Rezension: Ian McEwan – Am Strand

Ian McEwan habe ich schon vor einiger Zeit als einen meiner Lieblingsautoren auserkoren – ich glaube das war nach der verstörenden, aber tief beeindruckenden Lektüre von „Der Zementgarten“, und jetzt steht mein Bücherregal voller Werke von ihm, die ich stückchenweise abarbeiten werde. Und anfangen möchte ich mit „Am Strand“.

Es handelt sich um ein Kammerspiel mit Rückblicken in die Vergangenheit, in die Zeit des Kennenlernens der beiden Protagonisten. Florence und Edward lernen sich in England Anfang der 1960er Jahre kennen und lieben. Florence kommt aus einer gehobenen und arrivierten Unternehmerfamilie und ist Violonistin. Edward hat Geschichte studiert und eine Anstellung bei Florence Vater in Aussicht. Etwa ein Jahr nach ihrem Kennenlernen heiraten die beiden noch jungfräulich und stehen in der Hochzeitnacht, in einem Strandhotel an der Südküste Englands, der Herausforderung gegenüber, die Ehe zu vollziehen – was tragisch scheitert.

Edward in seiner Unerfahrenheit hat große Versagensängste und Selbstzweifel.
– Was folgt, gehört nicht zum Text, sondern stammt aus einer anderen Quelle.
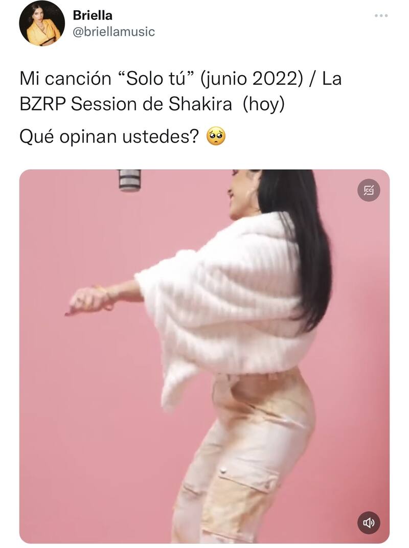 “Mi canción ‘Solo tú’ (junio 2022) / La BZRP Session de Shakira (hoy) ¿Qué opinan ustedes?”, escribió Briella en su cuenta de Twitter.

Florence hingegen wohnt eine tiefe Abneigung gegen alles Sexuelle inne, was vermutlich aus Missbrauchserfahrungen resultiert, die jedoch in einem der Rückblicke nur angedeutet werden und zwischen den beiden Liebenden nicht zur Sprache kommen. Sie fühlt sich hin und her gerissen, möchte Edward nicht verletzen und mitmachen, aber sie kann es einfach nicht. Ihre Aversion gegenüber Sex ist so stark, dass sie Reißaus nimmt, kurz nachdem Edward von einem vorzeitigen Höhepunkt überrascht wird, den er so gefürchtet hatte.

Noch vor einer halben Minute war sie stolz darauf gewesen, ihre Gefühle im Griff zu haben und nach außen so ruhig zu wirken, doch jetzt war sie nicht mehr in der Lage, ihren tiefsitzenden Ekel zu unterdrücken … (S. 134)

Nach Florence Flucht kommt es zum Aufeinandertreffen und zur Aussprache der beiden am Strand, bei der Florence Edward ihre Liebe beteuert, die aber ohne Sex und Leidenschaft auskommen müsse. Sie versichert, dass sie Edward liebe und mit ihm den Rest ihres Lebens verbringen möchte und macht ihm das für diese Zeit sehr progressive Zugeständnis, innerhalb ihrer Ehe mit anderen Frauen intim werden zu dürfen. Dieses Angebot verletzt Edward sehr, er fühlt sich daraufhin so abgewiesen, dass er Florence als frigide beschimpft und des Betrugs bezichtigt. Florence eilt darauf zurück zum Hotel und verschwindet aus seinem Leben, die Ehe wird annulliert und beide treffen sich nicht wieder.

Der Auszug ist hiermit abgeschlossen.